Here’s a picture of the result:

The code is below. See the comments for explanations. As a challenge, try to draw the above by translating the code into p5.js.

Also see Wikipedia: Recursion.

``````def setup():
size(440, 440)
noLoop()
background(249)
fill(0, 0, 0, 48)

def draw():
# Draw a staircase with 16 stairsteps composed of
# round building units with a diameter of 40.
diam = 40
dimension = 10
draw_staircase(diam, height - diam, diam, dimension)

# Three recursive functions follow.
# A recursive function is one that calls itself.
# Each recursion consists of ...
#   a recursive case wherein the function calls itself.
#   a base case wherein the function does not call itself.

# To avoid an infinite recursion, the recursive calls must ultimately resolve to the base case.

# Within the three recursions here ...
#   The recursive cases build features from smaller versions of themselves.
#   The base cases draw the smallest versions of the features.

def draw_building_unit(x, y, diam):
if diam > 5:
# Recursive case:
# First, draw a smaller round building unit.
draw_building_unit(x - diam // 16, y - diam // 16, diam * 3 // 4)
# Then enclose it in a full-size ellipse.
ellipse(x, y, diam, diam)
else:
# Base case: simply draw a small ellipse
ellipse(x, y, diam, diam)

def draw_step(x, y, diam, dimension):
# First, draw a round building unit.
draw_building_unit(x, y, diam)
# If <dimension> > 1, extend the step toward the right
# by a smaller step with <dimension - 1> round building units.
if (dimension > 1):
draw_step(x + diam, y, diam, dimension - 1)

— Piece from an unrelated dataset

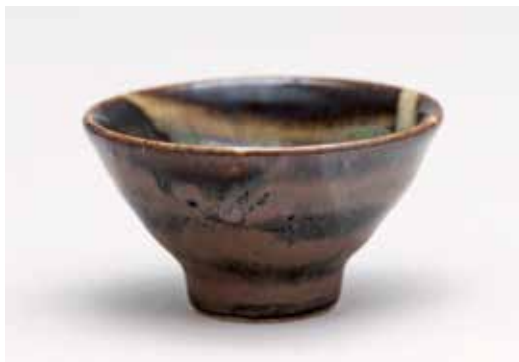
SAKE CUP KAKI GLAZE 1.75 x 3 x 3" YH1051

def draw_staircase(x, y, diam, dimension):
# First, draw a step of <dimension> circles.
draw_step(x, y, diam, dimension)
# If <dimension> > 1, draw a smaller staircase
# of <dimension - 1> steps on top of it.
if dimension > 1:
draw_staircase(x, y - diam, diam, dimension - 1) # recursive case
else:
pass # Base case; do nothing
``````
2 Likes

So cool !
I try it on P5.js

How should I made this with only nested loop

I can just make this

1 Like

It is better to use x,y in this case instead of i,j

What do you think why this is?

You can rename by right click on the j for example and choose Rename from the local menu. I use it all the time.

What to do

You are almost there. Where do you think is the problem? Which line? What values do you want to generate?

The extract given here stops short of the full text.